"Welcome," Marilyn the Psychic says to me, opening the
screen door to her second floor walk-up. I had found her on my friend's website
for all things hip in Los Angeles.
Most people think hourglass figure
and breathy voice when they hear the name Marilyn; I think of a canasta table
in Queens with glasses of sherry and half eaten potato knishes next to ashtrays
with burning cigarette butts like my mother's best friend, Marilyn Steinberg.

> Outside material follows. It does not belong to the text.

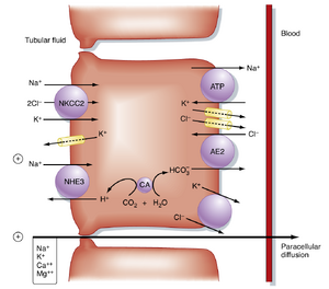 部分NaCl也通过细胞旁途径在近端小管后半段被重吸收。细胞旁路NaCl重吸收的发生是由于近端小管前半段管腔液中[Cl-]升高形成了浓度梯度(管腔140 mEq/L,间质105 mEq/L)。该浓度梯度促使Cl-通过紧密连接从管腔向细胞侧间隙扩散。带负电荷的Cl-移动导致管腔液相对血液呈正电性。这种正向跨上皮电压促使带正电的Na+通过紧密连接从管腔液向血液扩散。因此在近端小管后半段,部分Na+和Cl-通过被动扩散经紧密连接被重吸收。

This Marilyn is neither. She looks in her mid-thirties, with straight brown
hair and clear blue eyes. Her outfit is something I call "premeditated LA
effortless." Expensive all-cotton fitted t-shirt and ragged jeans, exposed
manicured toes. Her breasts don't look like any found in nature. That's nothing
special around here; it's just that, in this moment, with me hell-bent on
turning my future over to a psychic, it briefly occurs to me that I could take
my life in a different direction, like say, buying a new pair of boobies!
This is how utterly lost I feel. My
youngest boy is starting preschool in six weeks, which means I will be
completely alone again for three hours a day. All the mundane tasks that for
the last seven years have been filled with hysteria, spit-up, or giggles will
return to what they used to be: quiet, and, dare I write it, lonely. On days
when I feel like I am floating through life without purpose and find myself
wondering what I am going to do when I grow up, looking in my children's faces
tells me that despite my fierce resistance, I have.
So here I sit, taking in Marilyn's
full, perky breasts, looking for I'm not sure what. Solace? Hope? Yes to both.
This is totally worth the two hundred fifty dollars that I won't tell my
husband I'm spending. That I extracted in twenty dollar increments repeatedly
from various accounts so I wouldn't have to write a check that says "psychic"
in the notes line. Psychic is not an expenditure my husband supports.
"So, how did you come to me?"
Marilyn asks, scooping up a grey-haired cat in her doorway and depositing him
in the kitchen, where she drops him and then immediately washes her hands. She
talks while she scrubs. "I do this because I don't want the cat's spirit
confused with yours in the reading," she says over the sound of running water.
"Sure." I say. "Especially since
I'm allergic. Ha!"
Not funny, I think, trying to keep
my face expressionless. I don't want to give Marilyn any clues about who I am.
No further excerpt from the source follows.